Similarly, Steve Castagnoli, Kaiser’s counterpart in Hood River, reported “spotty cold damage” in low-lying areas and among certain cultivars.

The stormy blast consequently put growers on notice, with Richard Funk of Saviah Cellars, north of Milton-Freewater on the Washington side of the state line, lending his “full attention” to the effects of a storm that blew through Eastern Washington this past weekend.

“We have had issues over the years with hail damage,” he told Wines & Vines. “Thankfully, the storm that moved through the valley (May 31) did not beat up our vineyard blocks, except a small fraction of leaves and shoots in the hardest hit area.”

Whether or not the damage is significant is another question. Funk said the various stages of bloom in the area mean growers will have to wait and see—an approach winemaker Doug Roskelley of Tero Estates winery is also taking.

The nature of weather means that there’s something for everyone, but not in equal measure.

Duane Wollmuth, a grower and executive director of the Walla Walla Valley Wine Alliance, was driving back from the Tri-Cities when the May 31 storm began, and it tracked east with them at 60 miles an hour.

“We had plenty of thunder and lightning on the north end of the valley, where my vineyard is located, but no hail,” Wollmuth said. “It was a dark and ugly one.”
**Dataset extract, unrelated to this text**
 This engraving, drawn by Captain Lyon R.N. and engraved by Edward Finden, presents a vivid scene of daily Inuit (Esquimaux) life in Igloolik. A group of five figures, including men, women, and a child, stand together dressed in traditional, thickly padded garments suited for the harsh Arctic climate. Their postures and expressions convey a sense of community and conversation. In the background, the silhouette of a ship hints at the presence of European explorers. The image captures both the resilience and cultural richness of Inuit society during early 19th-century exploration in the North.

Casey McClellan, winemaker at Seven Hills Winery in Walla Walla said his vineyards also appear to have escaped the brunt of the storm.
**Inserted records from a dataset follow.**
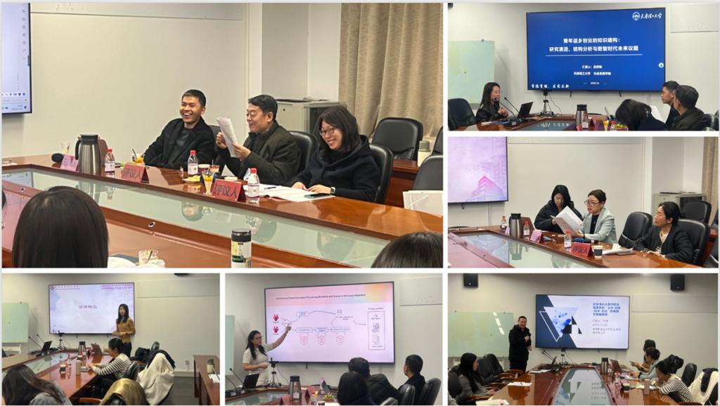 王淼副教授主持,天津师范大学毕宏音研究员、天津社会科学院王光荣研究员评议。河北工业大学文太林副教授、檀若楠同学,天津理工大学徐立娟博士、硕士研究生韩文婕、刘宇晨、宋彦霖、王艺颖、籍馨暄,中国民航大学裴一凡同学等进行了发言,分享了社保政策、数字赋能乡村文旅、新业态女性农民工赋能等研究成果。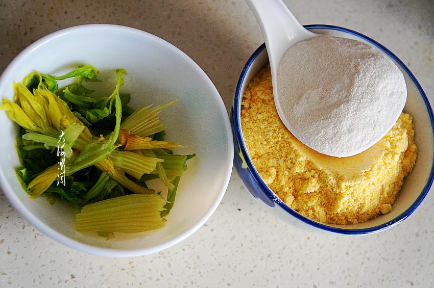 取大盆,将切碎的芹菜叶、2勺玉米面和1勺面粉倒入盆中,打入鸡蛋,加入切碎的葱、盐、胡椒粉、小苏打大约2g左右。玉米面中丰富的膳食纤维,能促进肠蠕动,缩短食物通过消化道的时间,减少有毒物质的吸收,对减肥瘦身有利。而且玉米面营养丰富,常食对提高身体的免疫力、记忆力,都是有着很好的效果。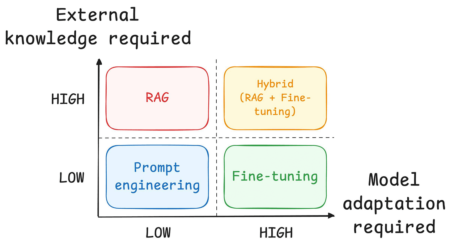 If you need the model to reference specific documents, product catalogs, or anything that updates frequently, that’s mostly a RAG territory.

This isn’t to say yields won’t be down in some areas.

Drought and the threat of drought in many parts of Washington state and Oregon could translate into lighter, more concentrated fruit that reduces yields. This would compound the impact of any vineyards Mother Nature’s weather systems have thinned via frost and hail.

“There will be lower yields from some sites and some varietals, particularly Merlot and (in) low-lying areas,” McClellan said. “I expect my Merlot tonnage to be down a bit, but otherwise the vines look very fruitful, and I am expecting normal to above-average tons per acre.”

The precipitation is good news for reservoirs, however.

Roza Irrigation District shut down its irrigation canals in early May as estimates of available water slipped from 54% to 38% in the latter half of April (see “Northwest Growers Strategize to Face Drought”).

However, the storms of May replenished water supplies to 44% of normal by the end of the month. The taps in Roza turned back on this week.

Environmental science professor Greg Jones of Southern Oregon University in Ashland, Ore., warns growers not to count on ongoing humidity.

The storms of late May were the result of a low-pressure system that spun off over the region for a prolonged period mid-month.

“The result was clouds and moisture wrapping around the system for a prolonged period,” he reported, culminating in an “unsettled pattern…with spring thunderstorms, high winds and rain.”

But as an El Niño event takes shape through 2015, Jones told growers to expect warmer weather north from California into Oregon and Washington, accompanied by thunderstorm activity.

Previous vintages with similar patterns of weather include 1998, 2003, 2004 and 2005.

Notably, 2005 was the last year that drought afflicted Washington state, a year that began with a significantly larger snowpack than currently exists.

Similarly, further north in British Columbia, 2003 haunts the memories of grapegrowers as the year of smoke taint from the Okanagan Mountain Park wildfire that consumed part of St. Hubertus Estate Winery near Kelowna, B.C., and singed adjacent vineyards.

With dry conditions closing on both the Okanagan and emerging regions such as the Fraser River benchlands and Thompson River valley near Kamloops, winemakers are nervous.

Kathy Malone of Hillside Cellars Winery south of Okanagan Mountain Park in Naramata expressed concerns last month that arid conditions promise a repeat of 2003.

However, she told Wines & Vines that mercy may be in store instead.

Dry conditions are limiting the development of undergrowth, with inter-row crops in drip-irrigated vineyards already browning.

While this is uncommonly early, it also points to limited brush to fuel wildfire when hot, dry weather and thunderstorms combine.

“So maybe we’ll be spared,” she said.